Apenas 21% dos brasileiros guardaram dinheiro em dezembro, mostra indicador do SPC Brasil e CNDL

37% dos poupadores guardam dinheiro para imprevistos. Poupança é o principal destino da reserva financeira

Com a ainda lenta recuperação econômica, são poucos os brasileiros que estão conseguindo chegar ao final do mês com sobras de dinheiro. Segundo dados do Indicador de Reserva Financeira do Serviço de Proteção ao Crédito (SPC Brasil) e da Confederação Nacional de Dirigentes Lojistas (CNDL), apenas dois em cada dez consumidores (21%) guardaram dinheiro em dezembro de 2017. A maioria (71%) dos consumidores não conseguiu guardar qualquer quantia.

Entre os brasileiros que não pouparam nenhum centavo, 40% justificam uma renda muito baixa, o que torna mais difícil ter sobras no fim de cada mês. Outros 17% disseram não ter qualquer fonte renda e 16% foram surpreendidos por algum imprevisto. Há ainda 13% de consumidores que disseram não ter controle dos gastos e disciplina para guardar o que recebem de salário.

Para a economista-chefe do SPC Brasil, Marcela Kawauti, o momento econômico limitou a renda das famílias, tornando a poupança de recursos ainda mais difícil, mas nem tudo deve ser creditado na fatura da crise. “O alto desemprego e a queda da renda de fato pesam, mas também há a negligência com as próprias finanças. Um controle adequado do orçamento pode fazer a diferença entre ter e não ter dinheiro sobrando no final do mês”, afirma.

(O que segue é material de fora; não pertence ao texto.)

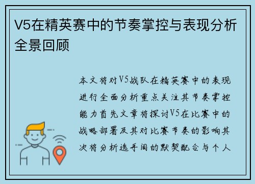 V5在精英赛中的节奏掌控与表现分析全景回顾

A economista acrescenta que a questão da renda baixa de fato pesa. Ainda assim, vale o esforço de poupar. “Nem que seja pouco por mês, o hábito de poupar afasta o mal hábito de gastar mais do que ganha e assim, aos poucos, o consumidor cria uma reserva de emergência. É necessário fazer uma avaliação do orçamento, identificando o que pode ser cortado. Muito provavelmente, para montar uma reserva financeira o consumidor terá de abrir mão de algo”, orienta.

Apenas um terço dos brasileiros (34%) afirmaram ter o hábito de poupar, sendo que 12% estipulam o valor a ser poupado e 22% guardam o que sobra do orçamento. Pouco mais da metade (51%) afirmou que não tem o hábito de poupar e que não tem reserva financeira. Além desses, 7% disseram que não poupam, mas já têm uma quantia reservada.

O indicador ainda revela que metade dos brasileiros que possuem reserva financeira (49%) tiveram de sacar parte dos seus recursos guardados em dezembro. Os principais motivos foram imprevistos (14%), alguma compra (13%) e pagamento de dívidas (11%).

37% guardam dinheiro pensando em imprevistos

A pesquisa mostra que proteger-se contra imprevistos é o principal propósito dos brasileiros que tem o hábito de poupar. Quase quatro em cada dez poupadores (37%) reservaram parte de seus rendimentos para lidar com uma eventual doença ou outros problemas do dia a dia. Em seguida, aparece o desejo de garantir um futuro melhor para a família (24%), fazer uma viagem (22%) e fazer uma reserva no caso de ficar desempregado (21%). Em média, o valor poupado em dezembro foi de R$ 571,91.

Perfil conservador: 57% recorrem a poupança como reserva financeira

Considerando os entrevistados que costumam poupar, 57% recorreram a tradicional poupança. Em seguida, um percentual elevado de 27% disse que costuma deixar o dinheiro em casa e 17% deixam na conta corrente. Outras opções mais rentáveis de investimentos, porém menos citadas pelos poupadores, são os fundos de investimento (9%), previdência privada (8%), tesouro direto (7%), CDBs (5%) e ações (5%).

Para Marcela Kawauti, as escolhas revelam um perfil conservador e, em alguns casos, pouco atento à rentabilidade. “Se o dinheiro está parado na conta corrente, sem muita complicação é possível transferi-lo para a poupança. Assim, o consumidor consegue uma rentabilidade que, apesar de pequena, é maior que do zero. A poupança serve a alguns propósitos por ser uma opção com alta liquidez. Mas, principalmente para aqueles que têm objetivos de longo prazo, hoje existe bastante informações disponíveis sobre modalidades de investimentos com rendimento maior, sem grandes riscos”, explica.

Para aqueles que mantêm o dinheiro na conta corrente, conta poupança ou em casa, os principais motivos foram o fato de não ter dinheiro suficiente para investir em algumas modalidades, citado por 27%; a liquidez, isto é, facilidade para sacar os recursos (21%); a falta de conhecimento sobre outras possibilidades (19%); o costume com as modalidades tradicionais (14%); a falta de recomendação (14%) e o receio de perder o dinheiro aplicado (13%).